Artigo Acesso aberto Revisado por pares

Deconvolution and Database Search of Complex Tandem Mass Spectra of Intact Proteins

2010; Elsevier BV; Volume: 9; Issue: 12 Linguagem: Inglês

10.1074/mcp.m110.002766

ISSN

1535-9484

Autores

Xiaowen Liu, Yuval Inbar, Pieter C. Dorrestein, Colin Wynne, Nathan Edwards, Puneet Souda, Julian P. Whitelegge, Vineet Bafna, Pavel A. Pevzner,

Tópico(s)

Metabolomics and Mass Spectrometry Studies

Resumo

Top-down proteomics studies intact proteins, enabling new opportunities for analyzing post-translational modifications. Because tandem mass spectra of intact proteins are very complex, spectral deconvolution (grouping peaks into isotopomer envelopes) is a key initial stage for their interpretation. In such spectra, isotopomer envelopes of different protein fragments span overlapping regions on the m/z axis and even share spectral peaks. This raises both pattern recognition and combinatorial challenges for spectral deconvolution. We present MS-Deconv, a combinatorial algorithm for spectral deconvolution.
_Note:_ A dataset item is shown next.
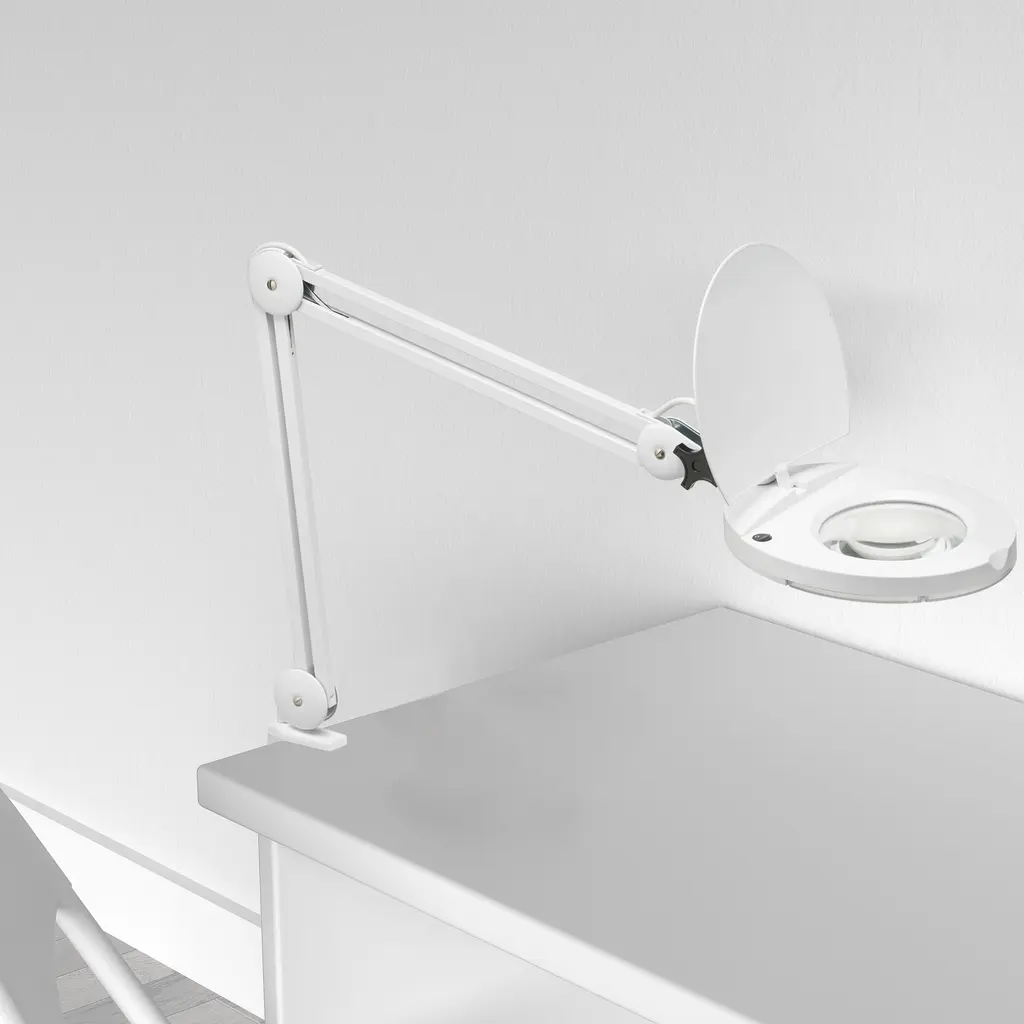 The design of the Magnifier Lamp family is both highly practical and intriguing to the eye. The design features an integrated LED light. LED fixtures produce light at up to 90 percent better efficiency than incandescent lighting. The metal frame is installed on a table, desk or shelf, with an articulated arm that can be adjusted to the desired angle. A dimmable LED and magnifying function make it the perfect addition to your favorite reading or work corner. With its elegant design, it adds a note of functional luxury to your bedroom or office space, or wherever stylish directional light is needed.

The algorithm first generates a large set of candidate isotopomer envelopes for a spectrum, then represents the spectrum as a graph, and finally selects its highest scoring subset of envelopes as a heaviest path in the graph. In contrast with other approaches, the algorithm scores sets of envelopes rather than individual envelopes. We demonstrate that MS-Deconv improves on Thrash and Xtract in the number of correctly recovered monoisotopic masses and speed. We applied MS-Deconv to a large set of top-down spectra from Yersinia rohdei (with a still unsequenced genome) and further matched them against the protein database of related and sequenced bacterium Yersinia enterocolitica . MS-Deconv is available at http://proteomics.ucsd.edu/Software.html.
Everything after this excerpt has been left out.